■ **What is expected**: Look through the entries below and copy exactly the part that begins with the line containing "2月21日,大众日报在第九版" and ends with the line containing "15’ Lautaro có". Do not copy the pictures.

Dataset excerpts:
===
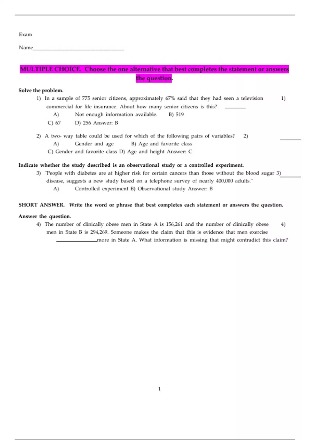 , Answer: dThis dis dan dobservational dstudy dbecause dthe ddoctor ddid dnot drandomly dassign
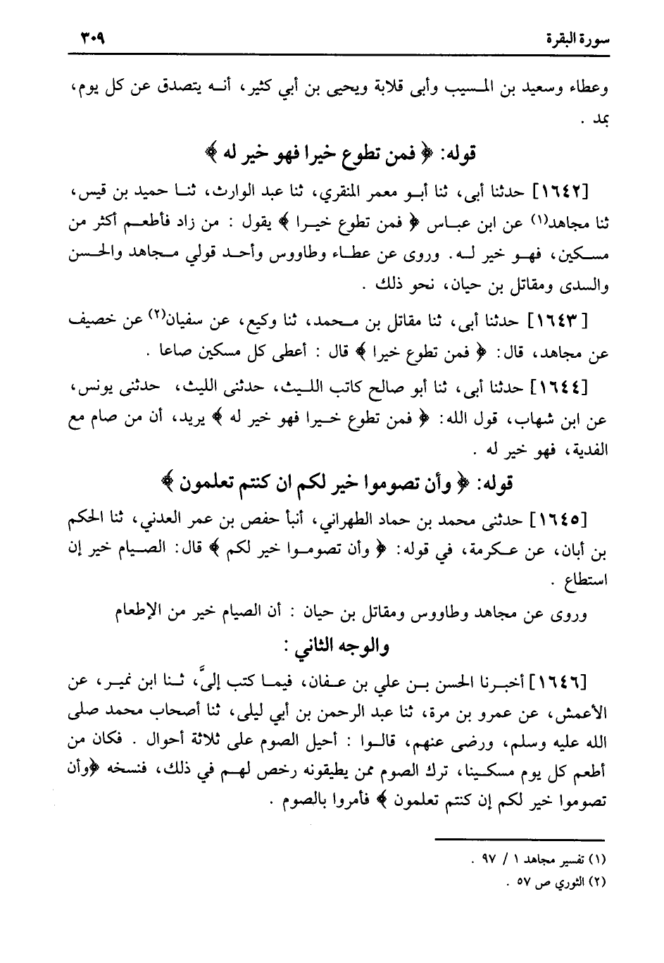 1643 - حَدَّثَنَا أَبِي، ثنا مُقَاتِلُ بْنُ مُحَمَّدٍ، ثنا وَكِيعٌ، عَنْ سُفْيَانَ «2» عَنْ خُصَيْفٍ عَنْ مُجَاهِدٍ، قَالَ: فَمَنْ تَطَوَّعَ خَيْرًا قَالَ: أَعْطَى كُلَّ مِسْكِينٍ صَاعًا.
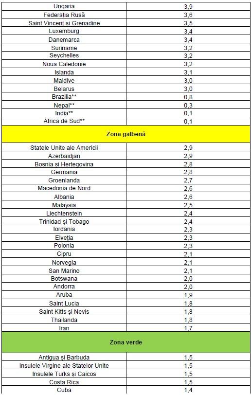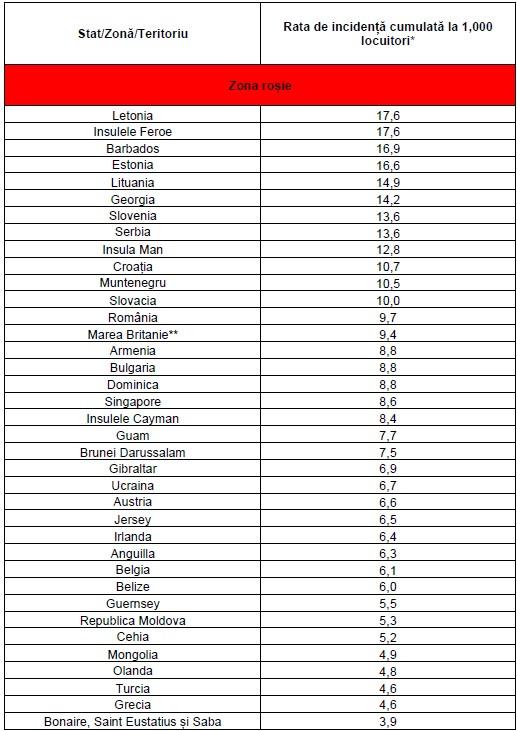 Astfel, în zona roșie au intrat Cehia, Ungaria, Danemarca, Islanda, Luxemburg, Maldive și Insulele Cayman.
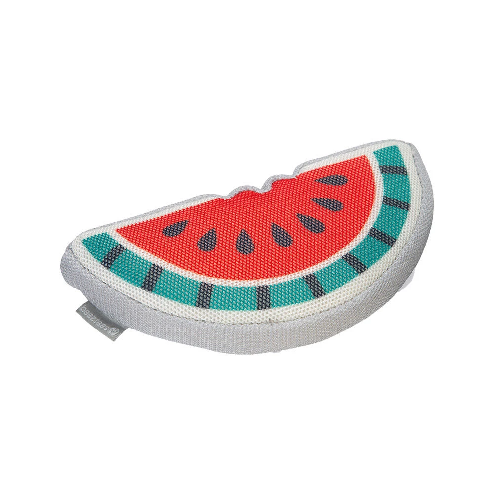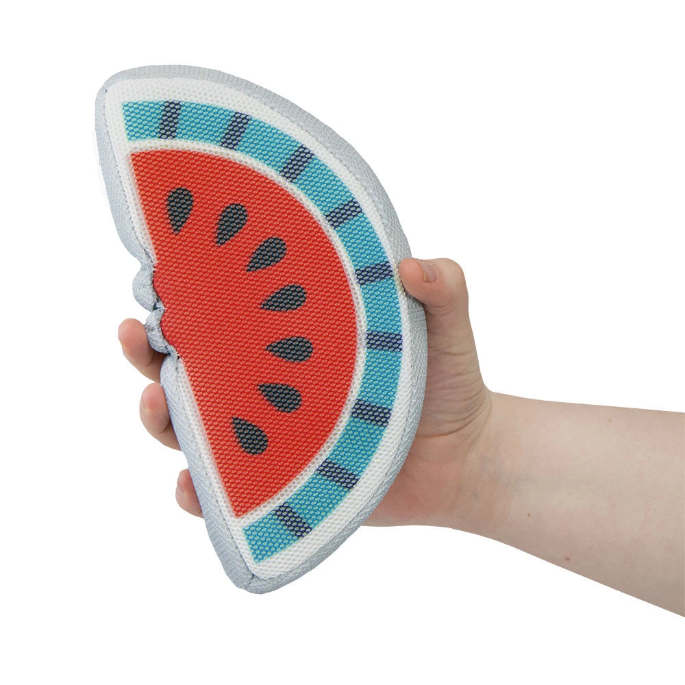 Dit geweldige koelkussen in meloendesign is een welkome afkoeling in de zomer voor uw hond. Bij het spelen in het water zuigt de spons aan de binnenkant zich vol. Vervolgens verfrist het rondspattende water uw hond als hij er mee ravot en eraan trekt. Maar dit koelkussen heeft nog een ander voordeel: als uw hond in het kussen bijt, drinkt hij automatisch vers, koel water.
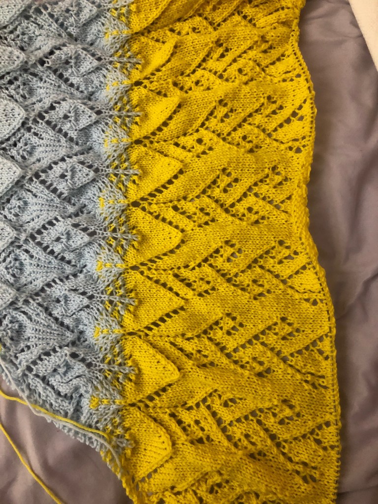 1. I love the patterns in that TTL Mystery Shawl – the gray “fronds” growing into the yellow, and I see pea vines in the yellow swirls. Very nice!
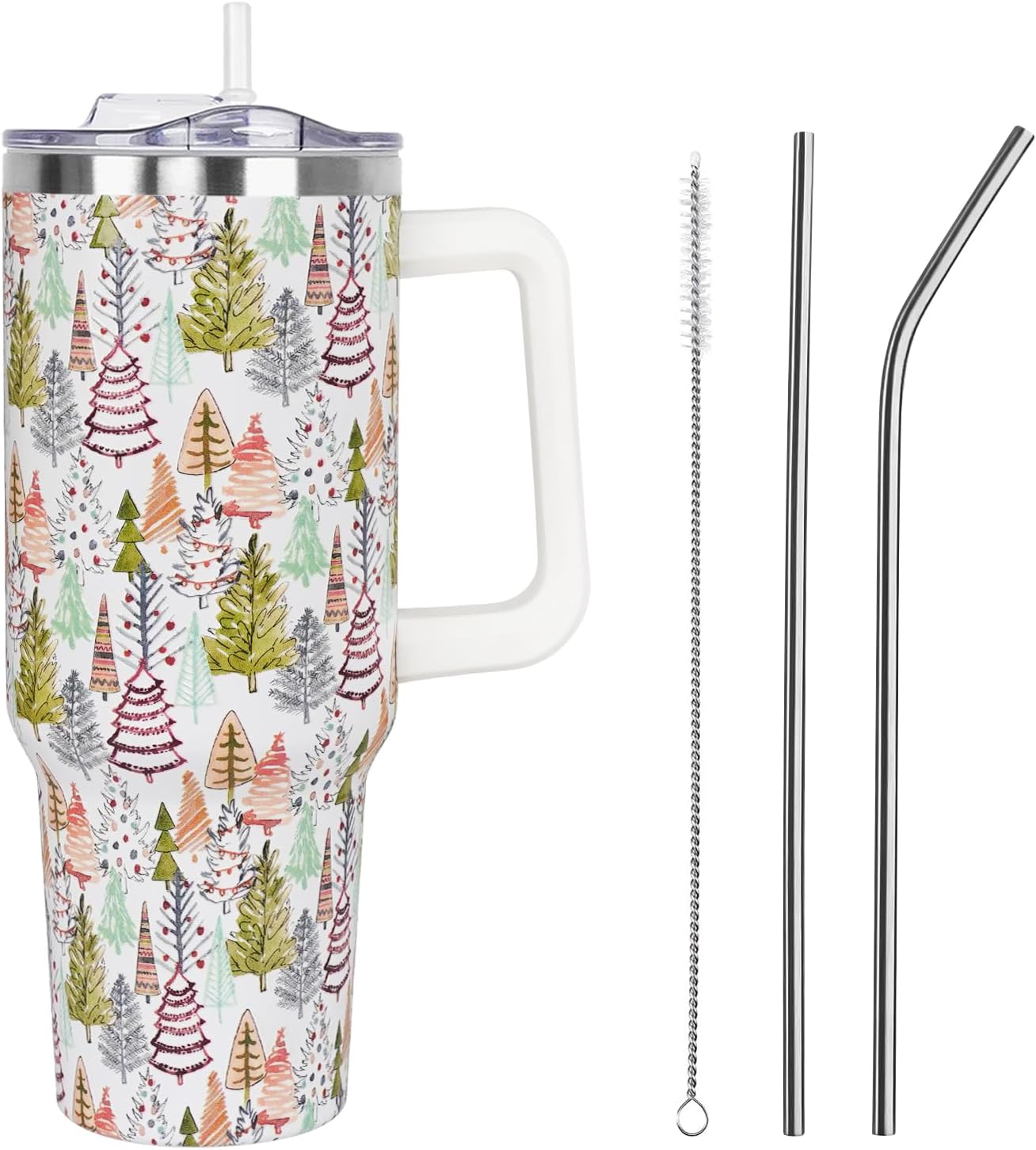 Christmas Trees Tumbler with Handle and Straw Lid 40 oz,Cute Merry Xmas Colorful Gifts for Women Vacuum Insulated Leak Proof Tumbler,Winter Holiday Accessories Stainless Steel Coffee Cup Mug
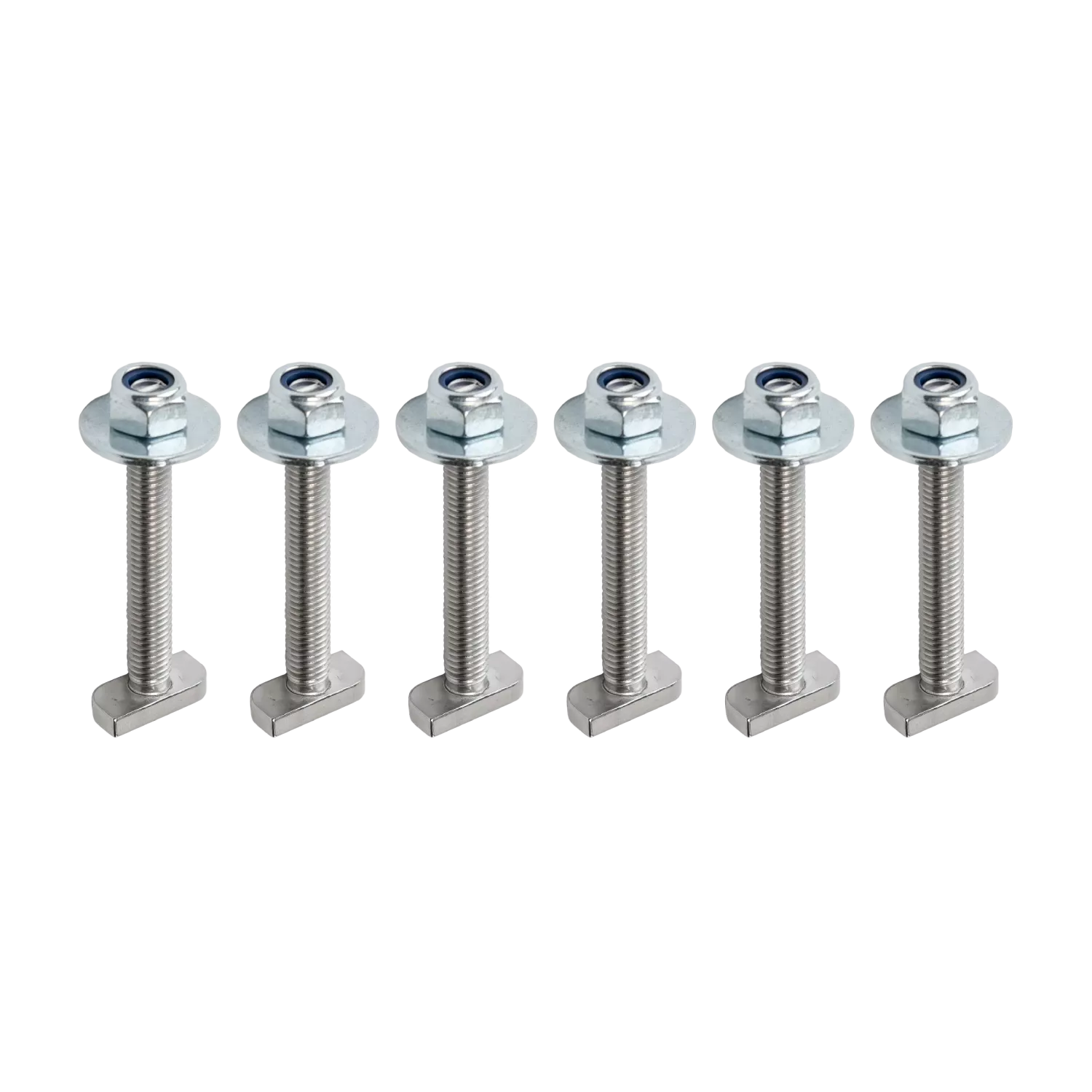 - 6 x viti con testa a martello (M8 x 60 mm in acciaio inox V2A) per il collegamento dei ganci da tetto alla guida in alluminio
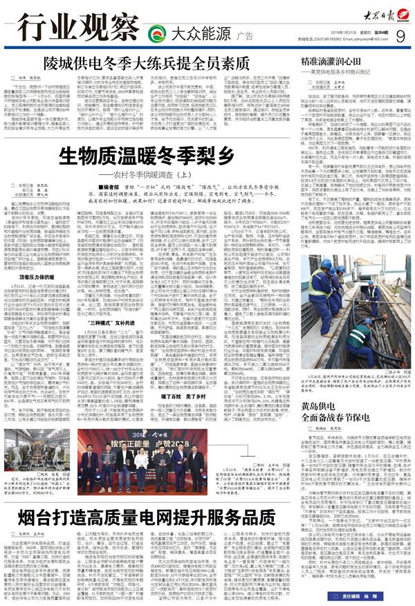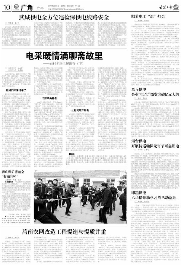 2月21日,大众日报在第九版刊发长篇通讯《电采暖情涌聊斋故里》,这是山东省委机关报新春走基层,赴淄博市淄川区洪山镇、罗村镇和双杨镇对当地农民进行电采暖的调查报道,也是《农村冬季取暖调查》的第三篇。此前的1月31日和2月14日,大众日报先后刊发了《生物质温暖冬季梨乡》以及《兖矿“蓝天”为“煤”》两篇通讯,反映的是记者赴阳信县、邹城(兖矿)实地采访生物质和清洁型煤为农村供暖的探索。
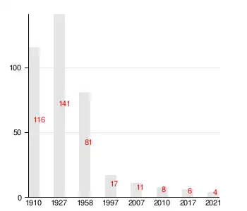 | 1910 | 1927 | 1958 | 1997 | 2007[13] | 2010[14] | 2017[1] |
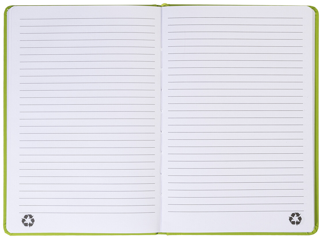 Blok potažený recyklovanou PU kůží se 100 linkovanými listy z recyklovaného papíru. Se záložkou v odpovídající barvě a gumičkou. Velikost A5.
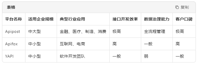 | Apipost | 中大型 | 金融、医疗、制造、消费等 | 极高 | 强 | 极高 |
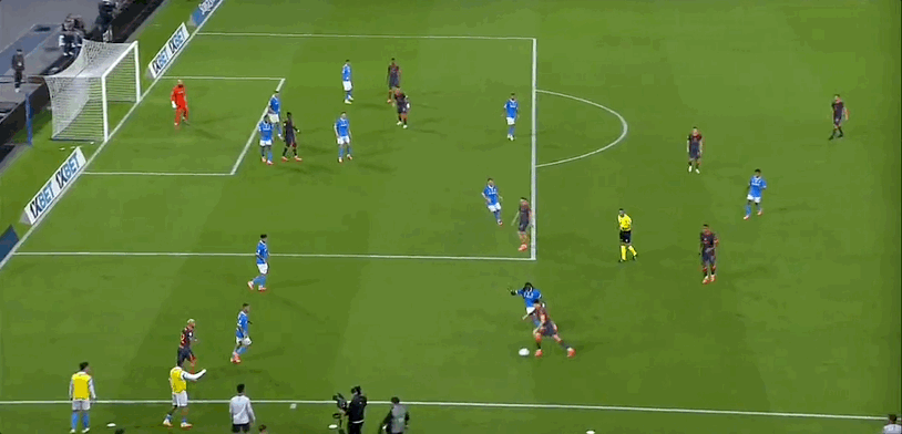 15’ Lautaro có một cơ hội tuyệt vời trong khu vực ba giây và cú sút của anh ấy đã bị thủ môn Naples cản phá
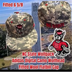 NC State Wolfpack Adidas Digital Camo Wolfhead Baseball Fitted Wool Flatbill Hat 6 5/8$25Cary, NC
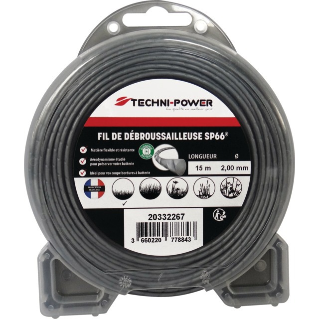 FIL DE DEBROUSSAILLEUSE ONDULE SP66 Ø 2 MM / 15 M TECHNI-POWER
===
■ **Answer below**:
 2月21日,大众日报在第九版刊发长篇通讯《电采暖情涌聊斋故里》,这是山东省委机关报新春走基层,赴淄博市淄川区洪山镇、罗村镇和双杨镇对当地农民进行电采暖的调查报道,也是《农村冬季取暖调查》的第三篇。此前的1月31日和2月14日,大众日报先后刊发了《生物质温暖冬季梨乡》以及《兖矿“蓝天”为“煤”》两篇通讯,反映的是记者赴阳信县、邹城(兖矿)实地采访生物质和清洁型煤为农村供暖的探索。
 | 1910 | 1927 | 1958 | 1997 | 2007[13] | 2010[14] | 2017[1] |
 Blok potažený recyklovanou PU kůží se 100 linkovanými listy z recyklovaného papíru. Se záložkou v odpovídající barvě a gumičkou. Velikost A5.
 | Apipost | 中大型 | 金融、医疗、制造、消费等 | 极高 | 强 | 极高 |
 15’ Lautaro có một cơ hội tuyệt vời trong khu vực ba giây và cú sút của anh ấy đã bị thủ môn Naples cản phá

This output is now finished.